Introduction:  Patients with new ileostomies face numerous physiological and psychological challenges ranging from dehydration that can cause acute renal failure to difficulties with stoma care. Despite resources to educate and support these patients, the hospital readmission rate for new ileostomies is high. This project aimed to study the impact of an integrated care delivery model for patients undergoing ileostomies at a large teaching hospital. We implemented a new ileostomy protocol to improve patient care outcomes and evaluated 30-day readmission rates due to dehydration before and after implementation.

Methods:  The ileostomy protocol, which provides comprehensive ileostomy care education to patients and the entire clinical care team, was a collaborative effort created by a multidisciplinary committee. Initial education began at the pre-operative visit with the surgeon and outpatient ostomy nurse. A standardized pain, fluid, and diet regimen was implemented post-operatively (per standard hospital Enhanced Recovery After Surgery protocol). Early patient participation in stoma management and patient’s comfort by discharge were ensured. Upon discharge, patients were given logs to record their daily weights, intake, and output, as well as education materials outlining when to call the office with concerns about dehydration. High-risk patients were identified and their instructions modified accordingly. Patients were set up with visiting nurses who had also been educated on the protocol. On home day 3, patients communicated by phone with an office nurse to review overall status and logs of weights, intake, and output. Dehydration-related readmissions within 30 days of hospital discharge were identified based on diagnosis codes and tracked from 24 months prior to implementation of the protocol. Spearman rank correlation was calculated to analyze trends in percentage of ileostomy patients with 30-day dehydration readmissions over 6 month intervals.

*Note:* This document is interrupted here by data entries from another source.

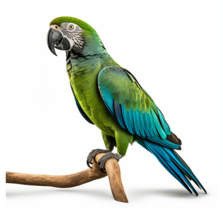 hahn's macaw, a vibrant parrot species, is captured in a full-body shot against a clean white background. this isolated image showcases the stunning colors and unique features of the hahn's macaw, making it a perfect choice for bird enthusiasts and nature lovers. ai generated
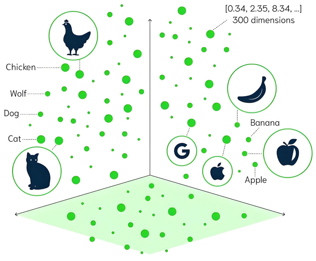 嵌入模型是将文本、图像、音频等非结构化数据转化为计算机可理解的"数值向量"的工具。向量的"距离"反映数据的语义相似度,这是大模型理解语言的核心能力。例如,"猫"和"狗"的向量距离会比"猫"和"汽车"更近。
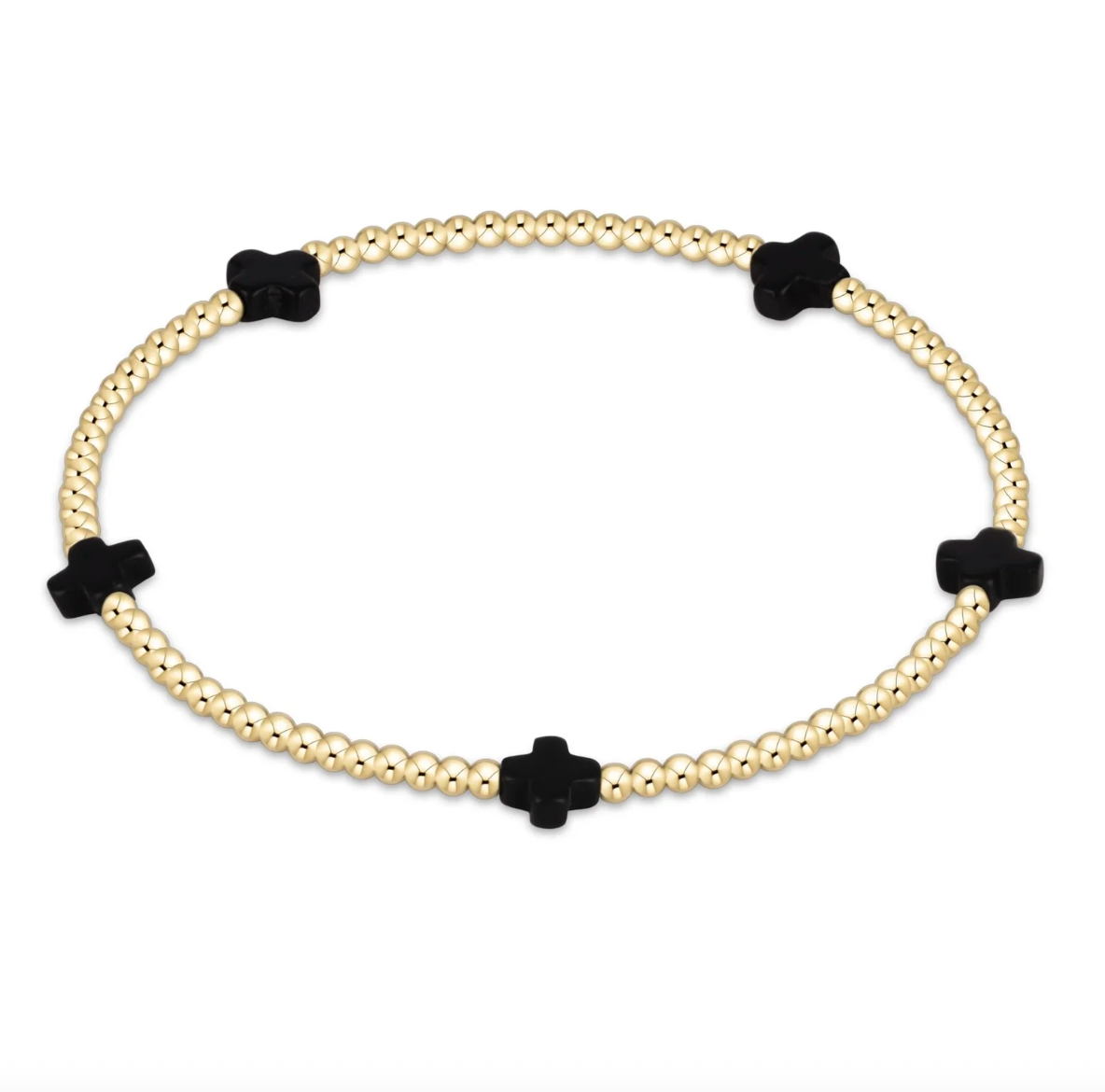 enewton Signature Cross Small Gold Pattern 2mm Bead Bracelet - Onyx
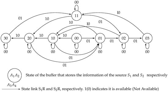 - If both links are available, the packet from is successfully sent to the destination or is stored in R according to the state of the buffer. When the buffers of the relay are full, then broadcast has priority. Similar events occur regarding the packet from :

Results: A total of 153 ileostomy patients were included in the analysis (78 prior to initial protocol introduction, 75 following protocol introduction). The percentage of patients readmitted with dehydration significantly decreased over time (Spearman’s rho=-0.86, p=0.0137).

Conclusion: A multidisciplinary protocol for new ileostomy patients that includes pre-operative education, standardized pain, fluid, and diet regimens, active in-hospital patient participation, and post discharge tracking of intake and output with close follow up is effective in decreasing 30-day hospital readmission rates. Similar clinical protocols may be generalizable to other types of complex abdominal surgery.